# New Braunfels RV parks



## Little-bit (Oct 19, 2005)

Anyone know of a good RV park that is on the river?


----------



## stammster - temporary (Jul 20, 2009)

Comal or Gaudalupe?


----------



## Little-bit (Oct 19, 2005)

*Either one*



stammster said:


> Comal or Gaudalupe?


Either one is fine with me.


----------



## Mrschasintail (Dec 8, 2004)

Waco, or KL Ranch Camp.


----------



## Ducatibilt (Jul 8, 2010)

The only one on the Comal is Landa RV. The best location ever for a campground and it happens to have the worst campground I've ever stayed at. I would highly recommend you do some research on them before you stay there. It's been quite a while sincwe we've stayed on the Guadalupe though so not sure whats good there now.

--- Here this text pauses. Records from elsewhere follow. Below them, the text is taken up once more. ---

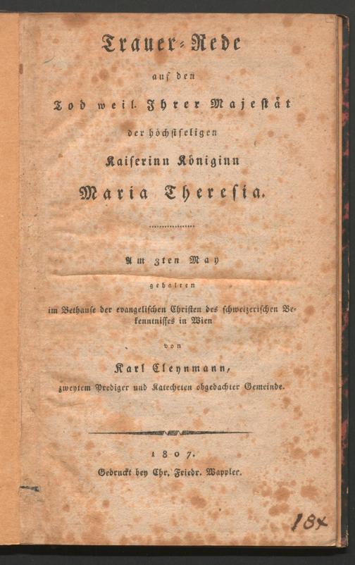 Trauer-Rede auf den Tod weil. Ihrer Majestät der höchstseligen Kaiserinn Königinn Maria Theresia : Am 3ten May gehalten im Bethause der evangelischen Christen des schweizerischen Bekenntnisses in Wien / von Karl Cleynmann, zweytem Prediger und Katecheten obgedachter Gemeinde. [Wien] : Gedruckt bey Chr. Friedr. Wappler, 1807. Wienbibliothek im Rathaus,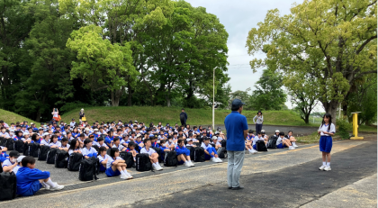 さきほど、1年生は自然豊かな信太山青少年野外活動センターへ到着しました。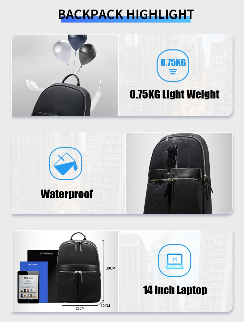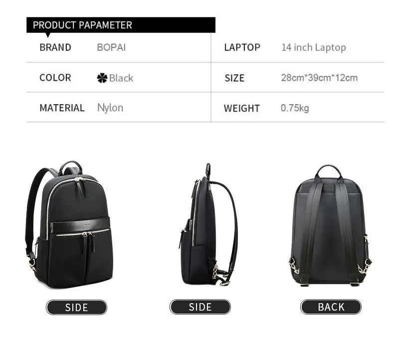 BOPAI Wholesale Designer Light Slim Office Waterproof Water Bottle Fashion Casual 14 Inch Laptop Ladies Business Women Backpack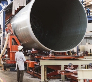 O sistema de revestimento com fibra de vidro utiliza resinas especiais reforçadas com mantas de vidro, oferecendo altas propriedades mecânicas, excelente resistência a agentes químicos e ótima aderência. É adequado para diversas temperaturas de operação.
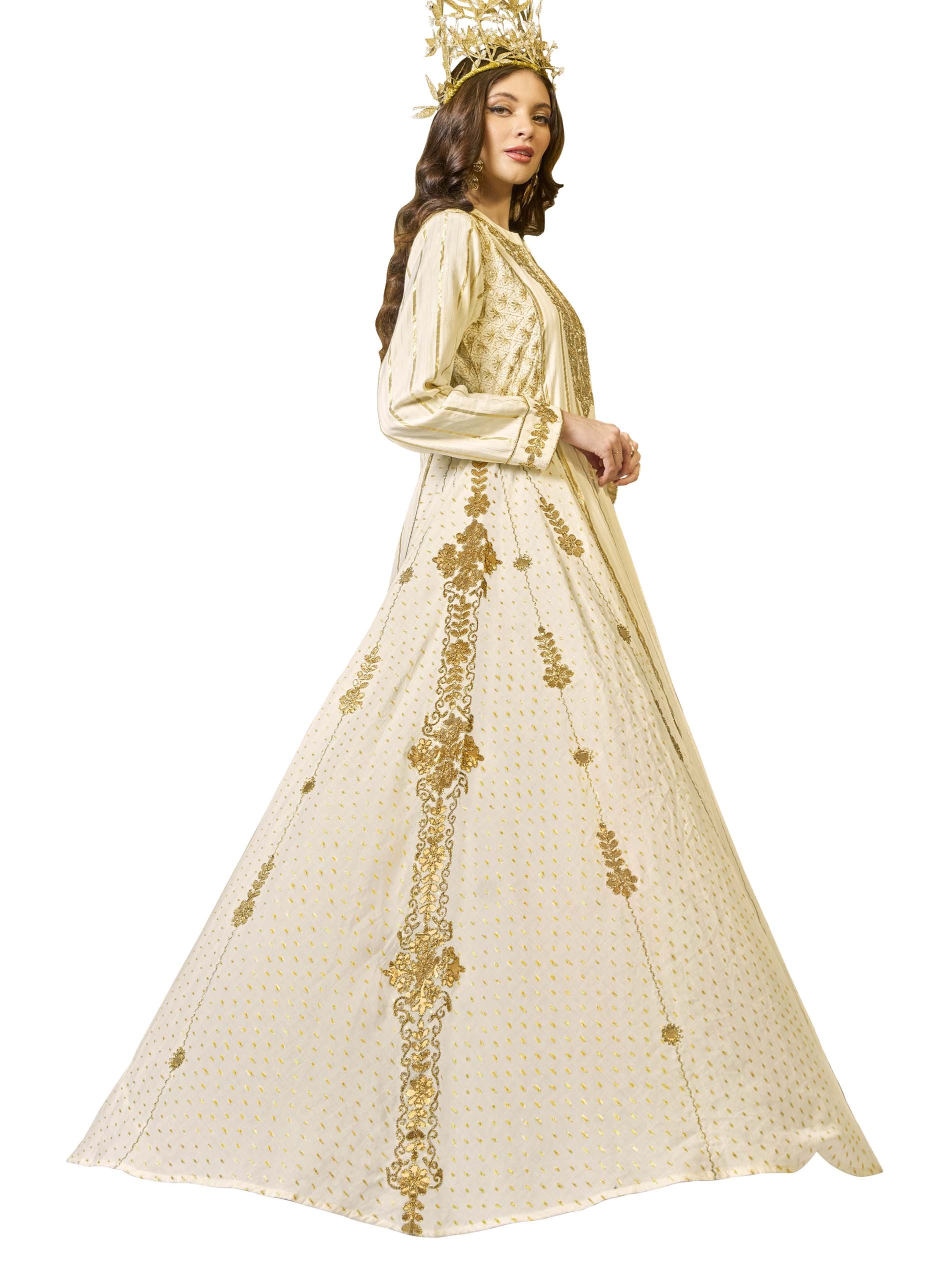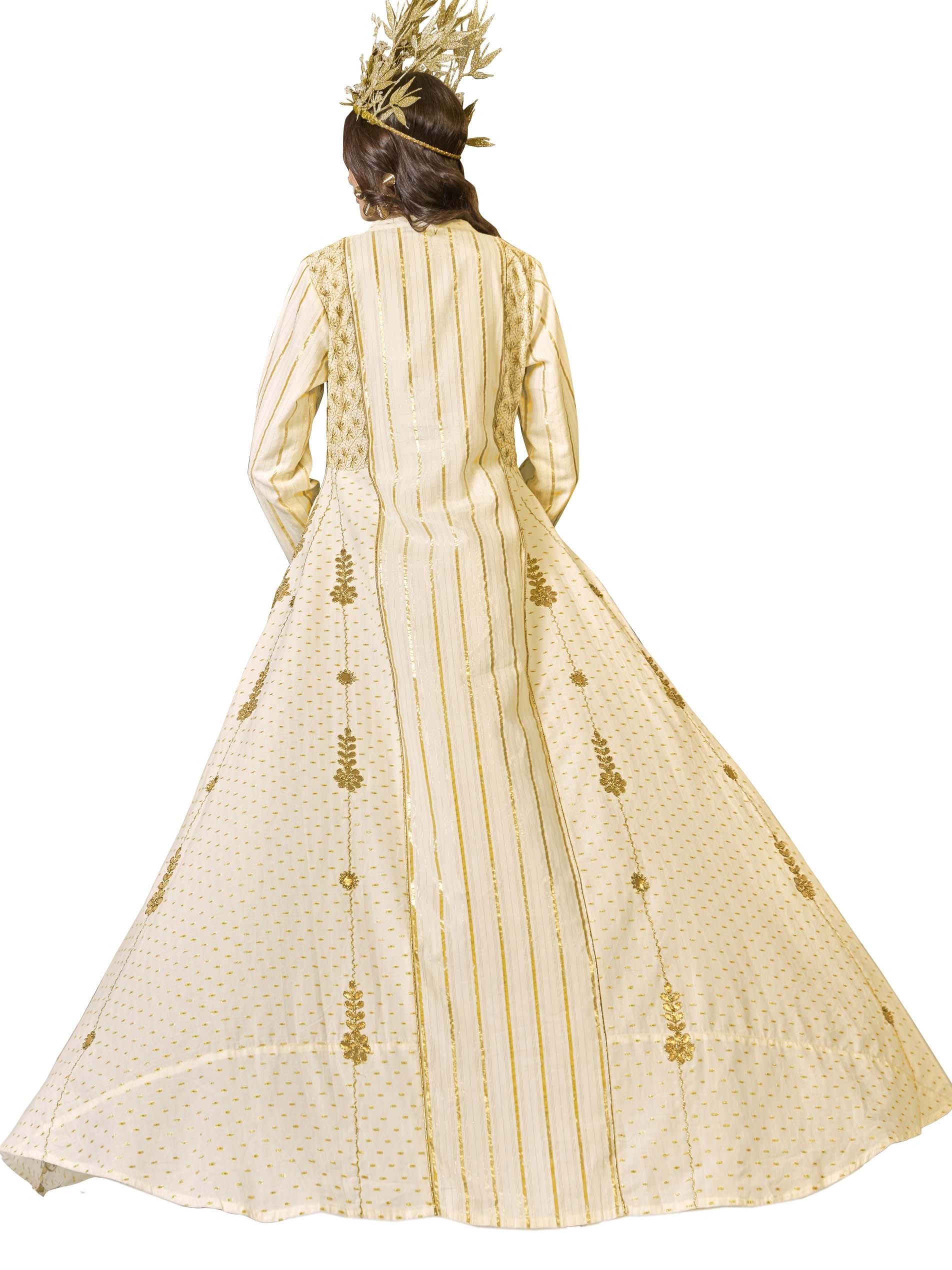 تتميز هذه الجلابية المتسعة، المصنوعة من القطن القابل للتنفس، بأنها مثالية لمناسبات رمضان خلال موسم الصيف. اللون العاجي الناعم مزين بشكل جميل بنقوش ذهبية دقيقة، بما في ذلك الخطوط الرأسية، النقاط الدقيقة، والتفاصيل الزهرية. يضيف العمل التطريزي الذهبي الأنيق لمسة من الرقي إلى التصميم.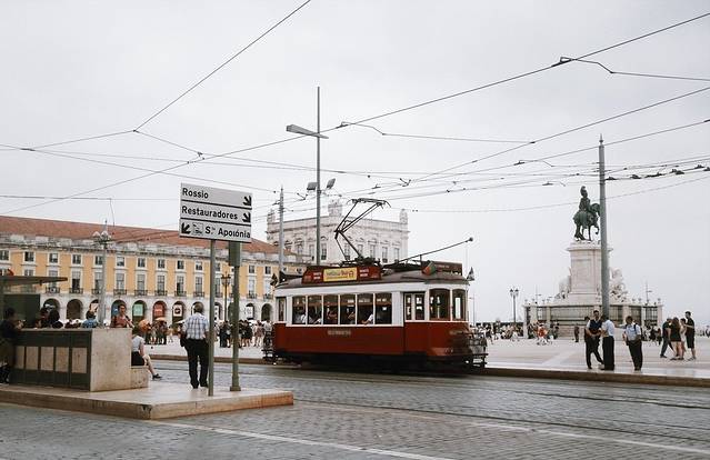 里斯本 电车也成为了城市最亮丽、最古老的的一道风景线。电车的起始站在华人街附近的一个广场,那里停靠着各式各样的电车。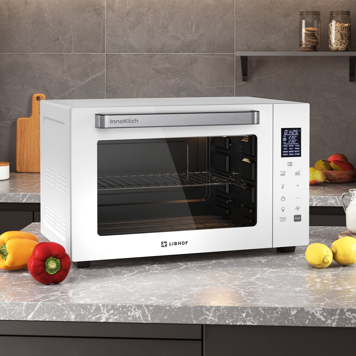 Электрическая настольная духовка Libhof OVN-50 white – это многофункциональный прибор, с помощью которого можно приготовить много разнообразных блюд. Мини-печь имеет 12 режимов работы, среди которых есть режим ферментации для приготовления вкусных кисломолочных напитков и режим дегидрации для сушки овощей.
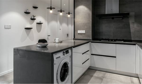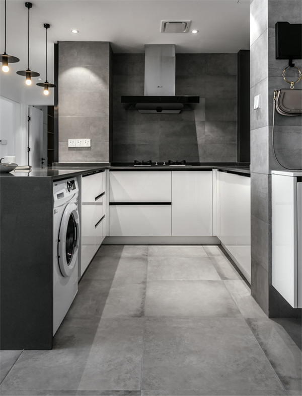 廚房采用半開放式設(shè)計(jì)的黑白灰配色方案。櫥柜則選用白色柜面和灰色臺(tái)面組合,搭配嵌入式電器,創(chuàng)造出極簡的外觀。同時(shí),灰色大理石紋路的地板與墻面,也為廚房增添了質(zhì)感。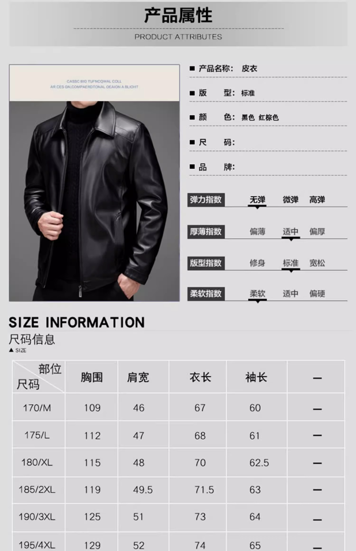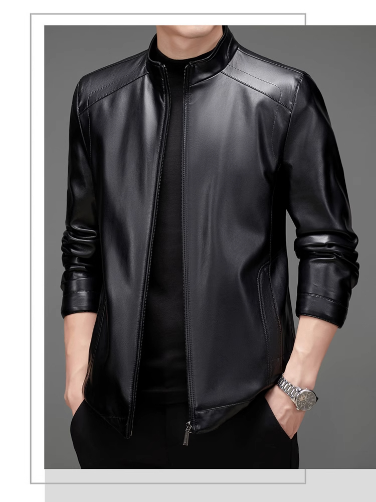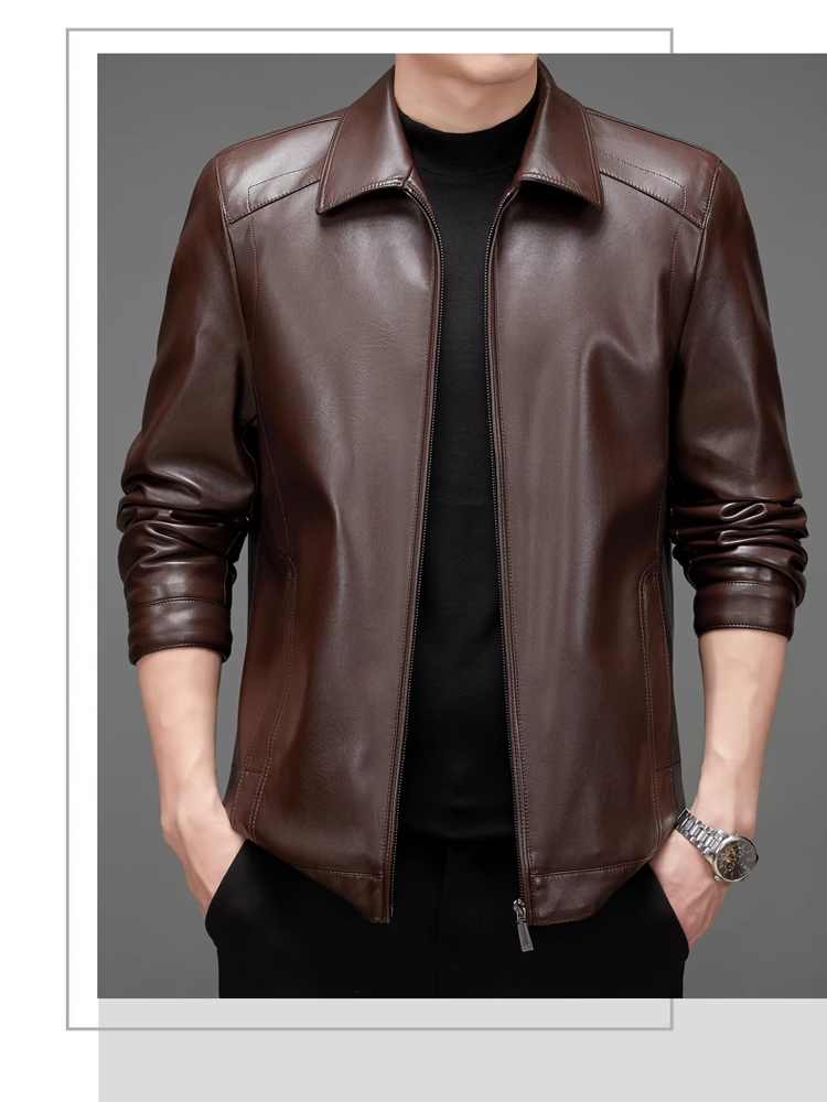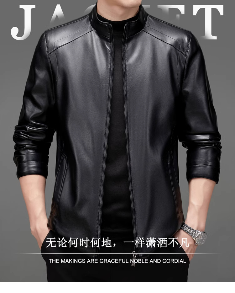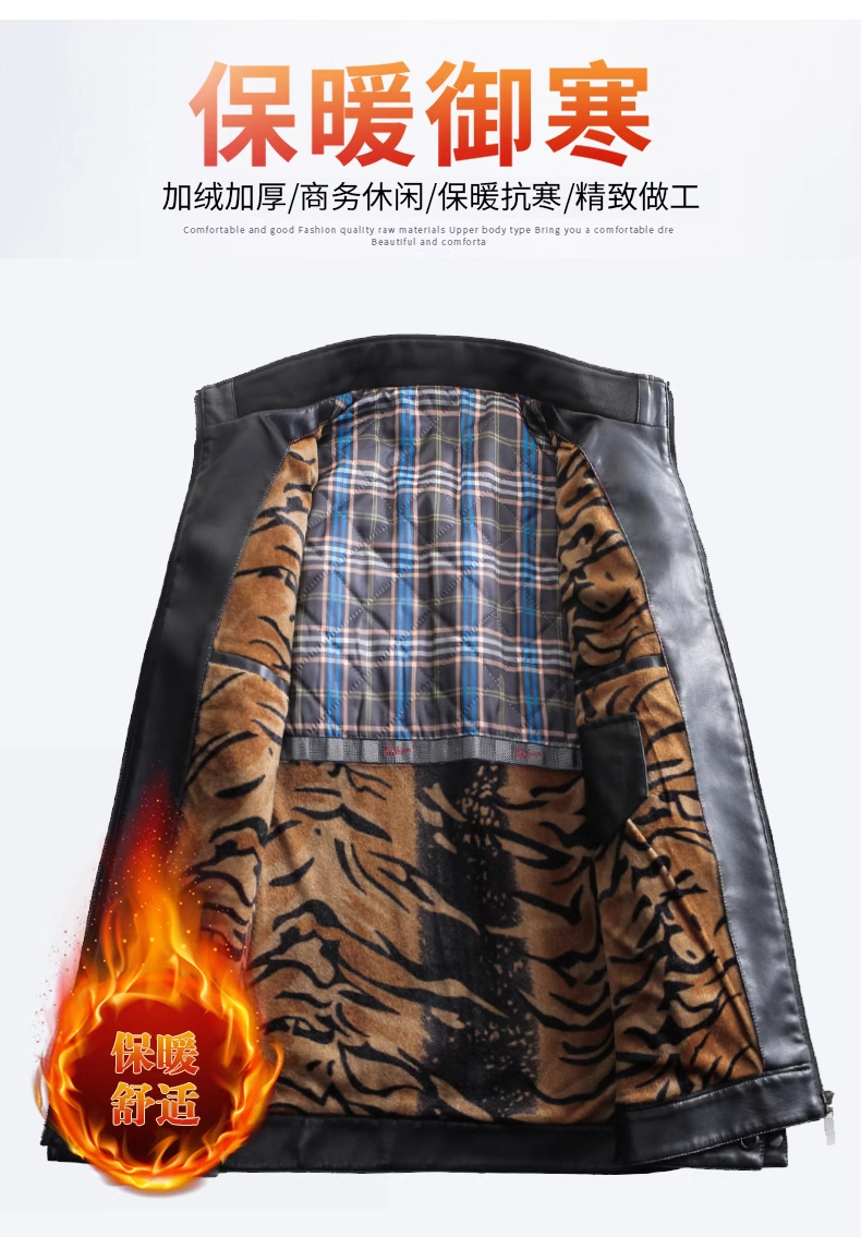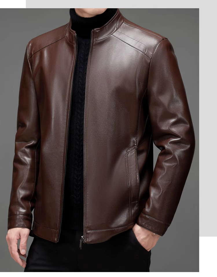 Pierre Cardin Genuine Leather Jacket for Men, Soft Leather Autumn and Winter Fleece-Lined Thickened Sheepskin Coat for Middle-Aged and Elderly Fathers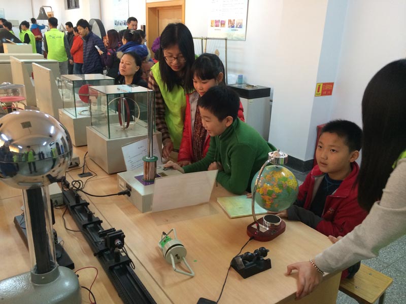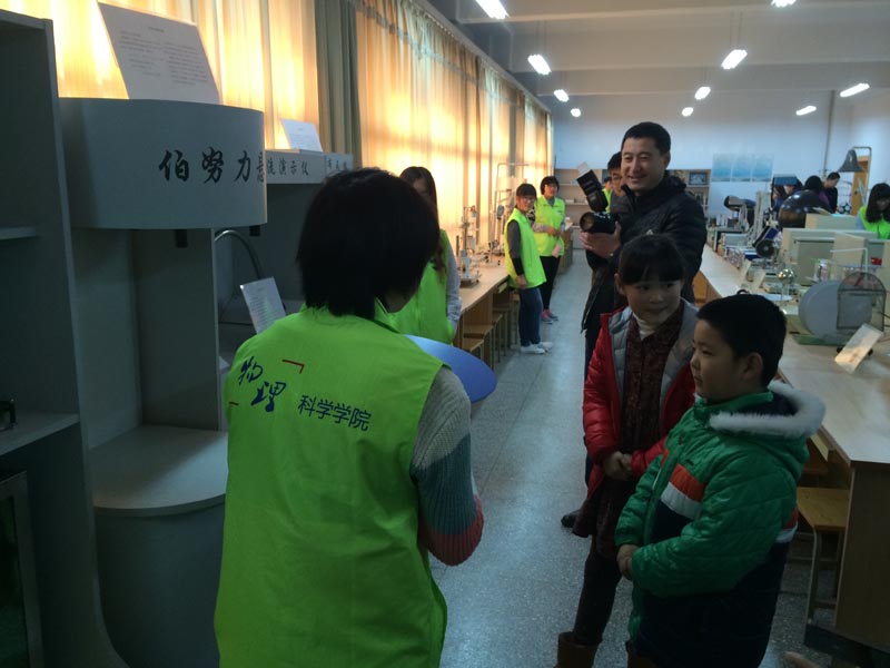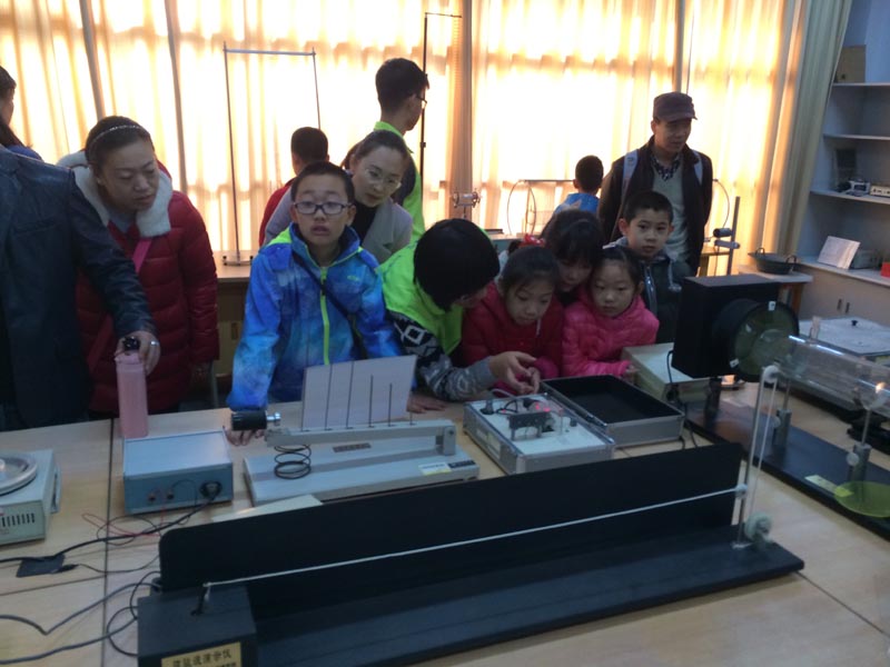 物理教学示范中心演示实验室迎来了一批特殊的小客人,他们是来自桦川路小学的小学生及其家长。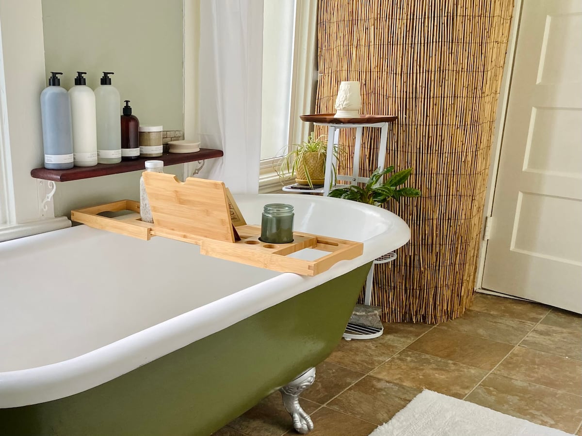 Still Waters Cottage is cozy oasis. 400 square feet with double bed, bath (shower and clawfoot tub), full kitchen, washer/dryer. You have access to a private back porch and yard as you go out french doors. You also have access to the common grounds for the entire property that includes grill, hot tub, fire pit with real wood and table for picnic by pond. two swinging chairs from tree, and two floating chairs with gas fire pit by pond. Community pool access just across from property.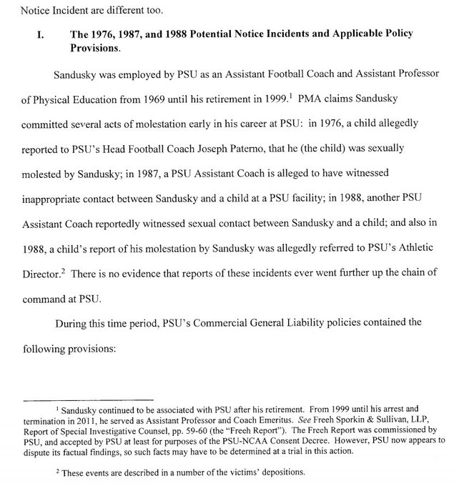"There is no evidence that reports of these incidents ever went further up the chain of command at PSU," Judge Gary Glazer wrote, in determining that because Penn State's executive officers - its president and trustees - weren't aware of the allegations, he would not bar claims from that time frame from insurance coverage.

Also you might want to look at the San Marcos river which is where we normally go now. Check out Pecan Park Rv in San Marcos and Leisure Rv in Fentress both are great parks. If you have little kids the river is probably better for them to play in at Leisure but the entertainment value of the rapids/waterfall at Pecan Park is pretty hard to beat.:biggrin:


----------



## charlenelim (Jun 5, 2013)

Gaudalupe is the best. Private RV parks so not very many tress but there are activities. There are always the floats down the river.


----------



## FLAT FISHY (Jun 22, 2006)

Lazy L&L they have made a lot of improvements over the last few years..


----------



## Troutrod (Jul 6, 2009)

Haco springs on river road is the best cleanest and good security.


----------